Equivalent of Class Loaders in .NET

The answer is yes, but the solution is a little tricky.

The System.Reflection.Emit namespace defines types that allows assemblies to be generated dynamically. They also allow the generated assemblies to be defined incrementally. In other words it is possible to add types to the dynamic assembly, execute the generated code, and then latter add more types to the assembly.

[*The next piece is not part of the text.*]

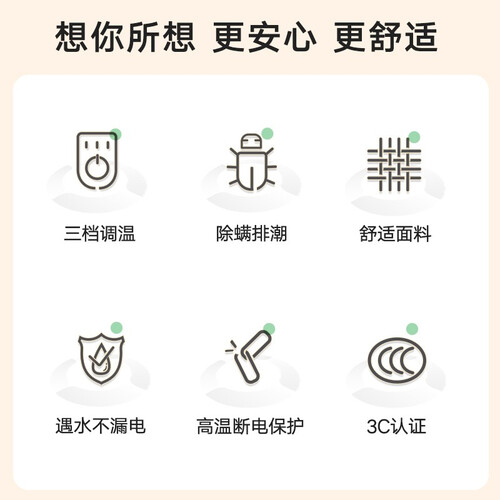 内置三档温度模式设定,根据个人选择合适温度,舒适温感轻松入睡,控温更简单。12小时自动关停,避免忘记断电发生意外。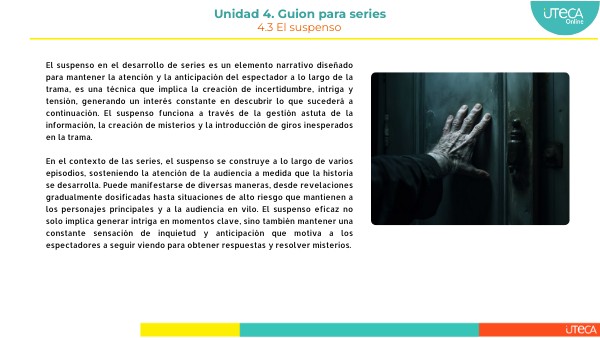 El suspenso en el desarrollo de series es un elemento narrativo diseñado para mantener la atención y la anticipación del espectador a lo largo de la trama, es una técnica que implica la creación de incertidumbre, intriga y tensión, generando un interés constante en descubrir lo que sucederá a continuación. El suspenso funciona a través de la gestión astuta de la información, la creación de misterios y la introducción de giros inesperados en la trama. En el contexto de las series, el suspenso se construye a lo largo de varios episodios, sosteniendo la atención de la audiencia a medida que la historia se desarrolla. Puede manifestarse de diversas maneras, desde revelaciones gradualmente dosificadas hasta situaciones de alto riesgo que mantienen a los personajes principales y a la audiencia en vilo. El suspenso eficaz no solo implica generar intriga en momentos clave, sino también mantener una constante sensación de inquietud y anticipación que motiva a los espectadores a seguir viendo para obtener respuestas y resolver misterios.

The System.AppDomain class also defines an AssemblyResolve event that fires whenever the framework fails to load an assembly. By adding a handler for that event, it is possible to define a single “runtime” assembly into which all “constructed” types are placed. The code generated by the compiler that uses a constructed type would refer to a type in the runtime assembly. Because the runtime assembly doesn’t actually exist on disk, the AssemblyResolve event would be fired the first time the compiled code tried to access a constructed type. The handle for the event would then generate the dynamic assembly and return it to the CLR.

Unfortunately, there are a few tricky points to getting this to work. The first problem is ensuring that the event handler will always be installed before the compiled code is run. With a console application this is easy. The code to hookup the event handler can just be added to the Main method before the other code runs. For class libraries, however, there is no main method. A dll may be loaded as part of an application written in another language, so it’s not really possible to assume there is always a main method available to hookup the event handler code.

The second problem is ensuring that the referenced types all get inserted into the dynamic assembly before any code that references them is used. The System.AppDomain class also defines a TypeResolve event that is executed whenever the CLR is unable to resolve a type in a dynamic assembly. It gives the event handler the opportunity to define the type inside the dynamic assembly before the code that uses it runs. However, that event will not work in this case. The CLR will not fire the event for assemblies that are “statically referenced” by other assemblies, even if the referenced assembly is defined dynamically. This means that we need a way to run code before any other code in the compiled assembly runs and have it dynamically inject the types it needs into the runtime assembly if they have not already been defined. Otherwise when the CLR tried to load those types it will notice that the dynamic assembly does not contain the types they need and will throw a type load exception.

Fortunately, the CLR offers a solution to both problems: Module Initializers. A module initializer is the equivalent of a “static class constructor”, except that it initializes an entire module, not just a single class. Baiscally, the CLR will:

  1. Run the module constructor before any types inside the module are accessed.
  2. Guarantee that only those types directly accessed by the module constructor will be loaded while it is executing
  3. Not allow code outside the module to access any of it’s members until after the constructor has finished.

It does this for all assemblies, including both class libraries and executables, and for EXEs will run the module constructor before executing the Main method.

See this blog post for more information about constructors.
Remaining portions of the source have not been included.